Cute move on Montano. Nice subject changer, actually gives him a boost too. But you guys aren’t fooling anybody with “[Joselito Peter] Cayetano.” People expect you to allow them both to run for “obvious” reasons. But I’ll wait the two weeks to see what Comelec really does. Impress us why don’t ya, and do the right thing for once!Well it looks like people's expectations were right as bona fide candidate for senator under the Genuine Opposition Congressman Alan Peter Cayetano is finding out.
Absolutely disgusting of you folks in the Comelec, James!
That Master of Nuisance Campaigns, Oliver Lozano used the Kilusang Bagong Lipunan (KBL)--the largely defunct political party of Ferdinand Marcos--as the "nominating party" for a nuisance candidate in 2004, when he foisted one Melchor Chavez against the bona fide candidacy of former Solicitor General Francisco Chavez. In the ensuing court challenge Chavez vs. Comelec, the Supreme Court declared:
... the Omnibus Election Code authorizes the COMELEC, motu proprio, or upon a verified petition of an interested party, to declare a candidate as a nuisance candidate and to refuse to give due course to his or her COC or to cancel one already filed if it is shown that: (1) the candidate's COC has been filed to put the election process in mockery or disrepute, (2) the COC has been filed to cause confusion among the voters by the similarity of names of the registered candidates, and (3) where other circumstances show that the candidate has no bona fide intention to run for office.In 2004, Melchor Chavez was deemed a nuisance candidate by Comelec and the Supreme Court explains above why that was the right judgment. But in 2007--with even more obvious reasons, moral and legal, to reject the nuisance candidacy of a complete and utter unknown, with no public persona or political track record whatever, and clearly intended to discombulate Alan Peter Cayetano's run for the Senate--the Comelec appears determined to be the source of that "confusion, deception and even frustration of the democratic process."
COMELEC Resolution No. 6452 dated December 10, 2002 also specifies the instances where the COMELEC may motu proprio refuse to give due course to or cancel a COC:
SEC. 6. Motu Proprio Cases. — The Commission may, at any time before the election, motu proprio refuse to give due course to or cancel a certificate of candidacy of any candidate for the positions of President, Vice-President, Senator and Party-list:
I. The grounds:
a. Candidates who, on the face of their certificate of candidacy, do not possess the constitutional and legal qualifications of the office to which they aspire to be elected;
b. Candidate who, on the face of said certificate, filed their certificate of candidacy to put the election process in mockery or disrepute;
c. Candidates whose certificate of candidacy could cause confusion among the voters by the similarity of names and surnames with other candidates; and
d. Candidates who have no bona fide intention to run for the office for which the certificate of candidacy had been filed or acts that clearly demonstrate the lack of such bona fide intention, such as:
d. 1 Candidates who do not belong to or are not nominated by any registered political party of national constituency;
d.2 Presidential, Vice-Presidential [candidates] who do not present running mates for vice-president, respectively, nor senatorial candidates;
d.3 Candidates who do not have a platform of government and are not capable of waging a nationwide campaign. (Emphasis supplied.)
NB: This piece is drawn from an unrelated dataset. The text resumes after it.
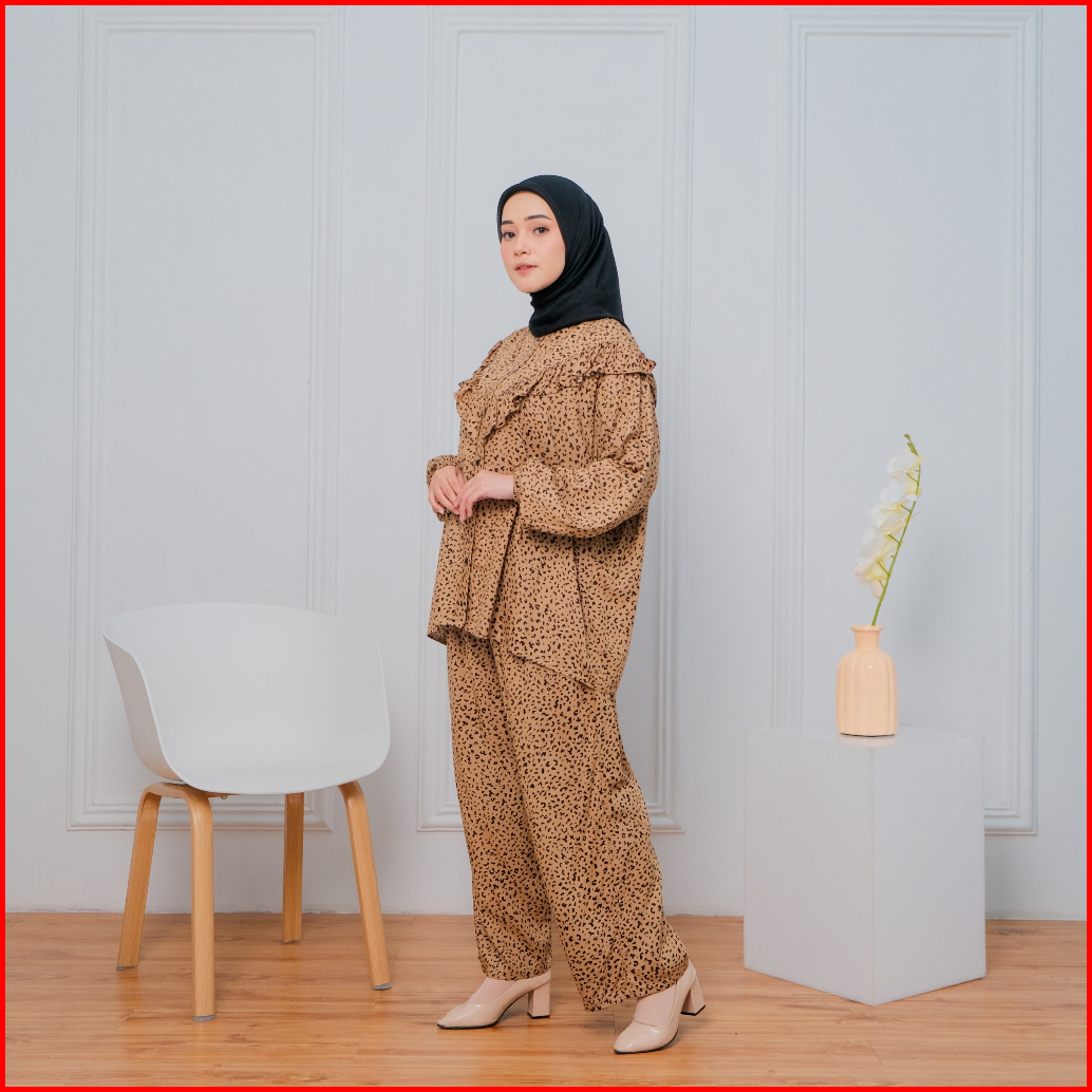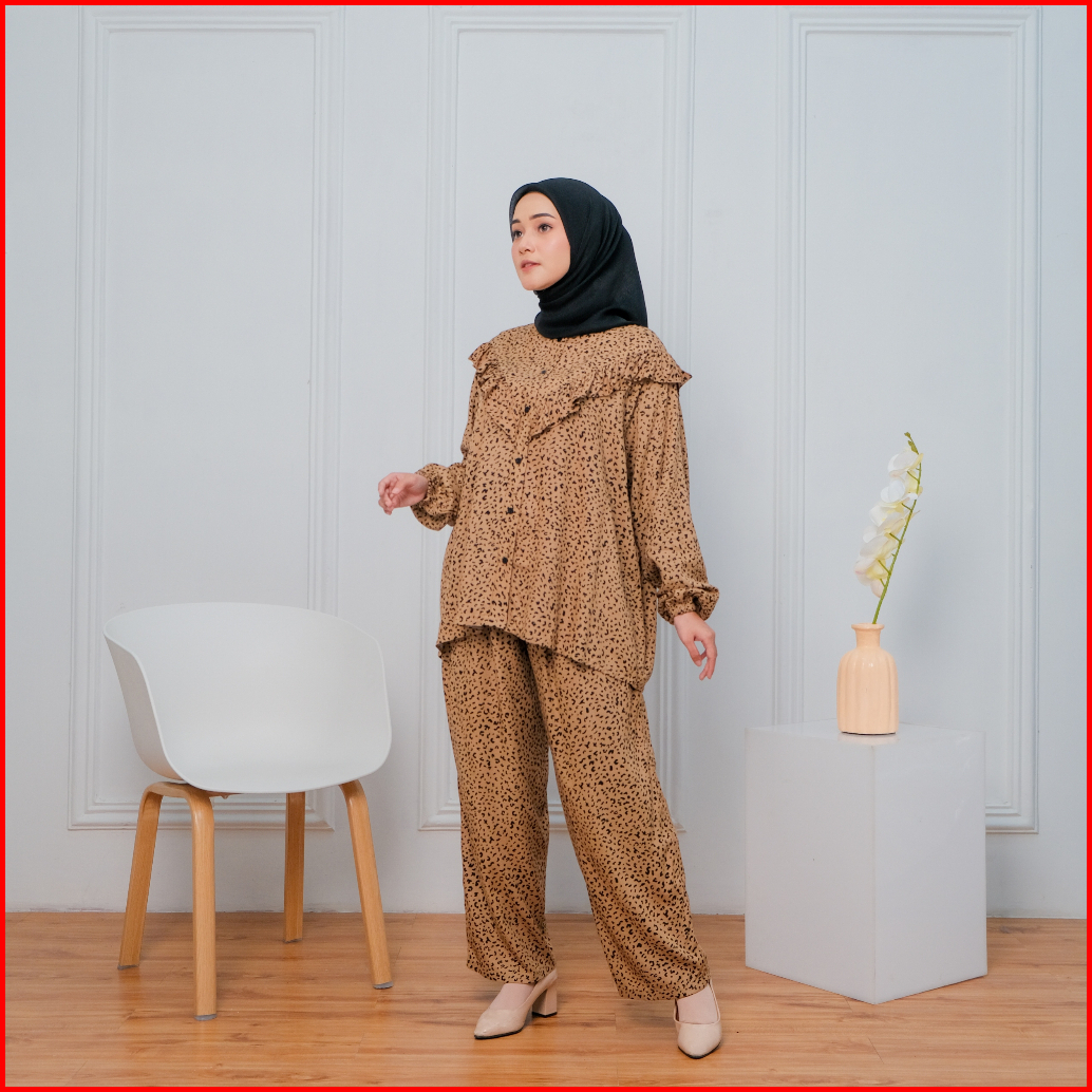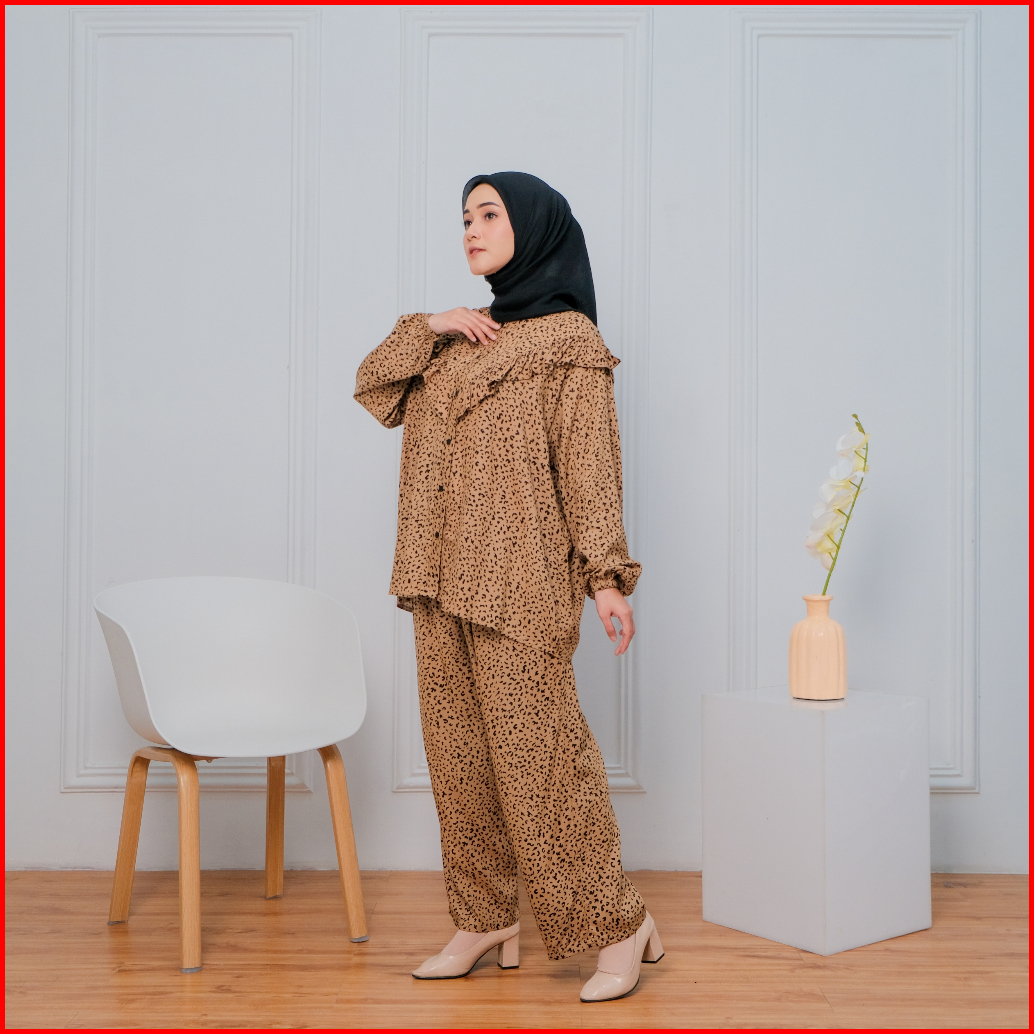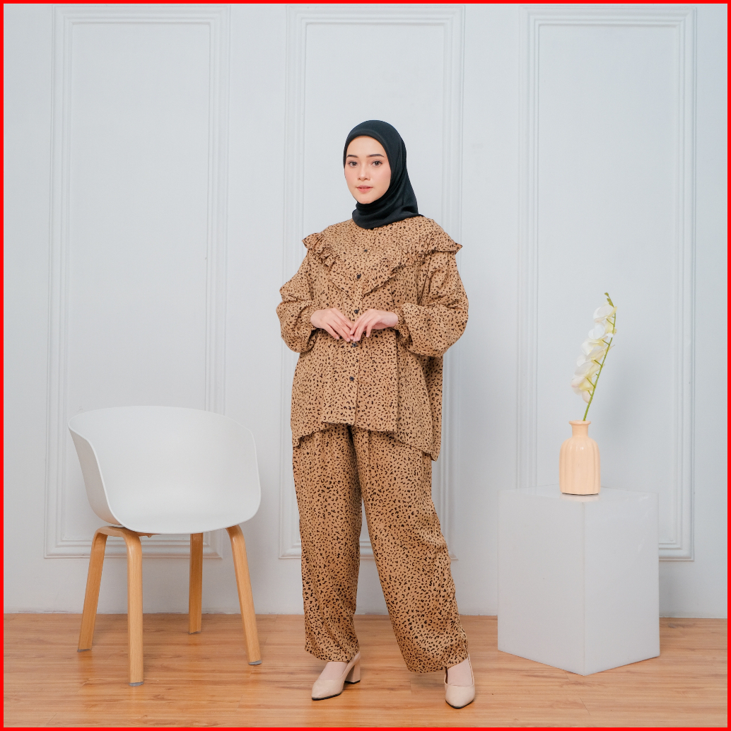 Lalucuku Arunda Leopard Brown Pajamas Baju Tidur Piyama Satu Set Wanita Hangout Kekinian

Melchor Chavez has, in the past, not shown any capability for a decent campaign. Now, he presents no significant credentials for a better capability in this election. He is not even an official candidate of a political party since the nomination by KBL was no accepted by him. He is wanting in financial support for a nationwide campaign. He has no political machinery to count on.20
The rationale for the prohibition against nuisance candidates and the disqualification of candidates who have not demonstrated a bond fide intention to run for office is the State's compelling interest in ensuring that its electoral exercises are rational, objective, and orderly. Towards this end, the State takes into account the practical considerations in conducting elections. Inevitably, the greater the number of candidates, the greater the opportunities for logistical confusion, not to mention the increased allocation of time and resources in preparation for the elections. These practical difficulties should, of course, never exempt the State from the conduct of a mandated electoral exercise. At the same time, remedial actions should be available to alleviate these logistical hardships, whenever necessary and proper. Ultimately, a disorderly election is not merely a textbook example of inefficiency, but a rot that erodes faith in our democratic institutions. As the United States Supreme Court held:
There is surely an important state interest in requiring some preliminary showing of a significant modicum of support before printing the name of a political organization and its candidates on the ballot -the interest, if no other, in avoiding confusion, deception and even frustration of the democratic process.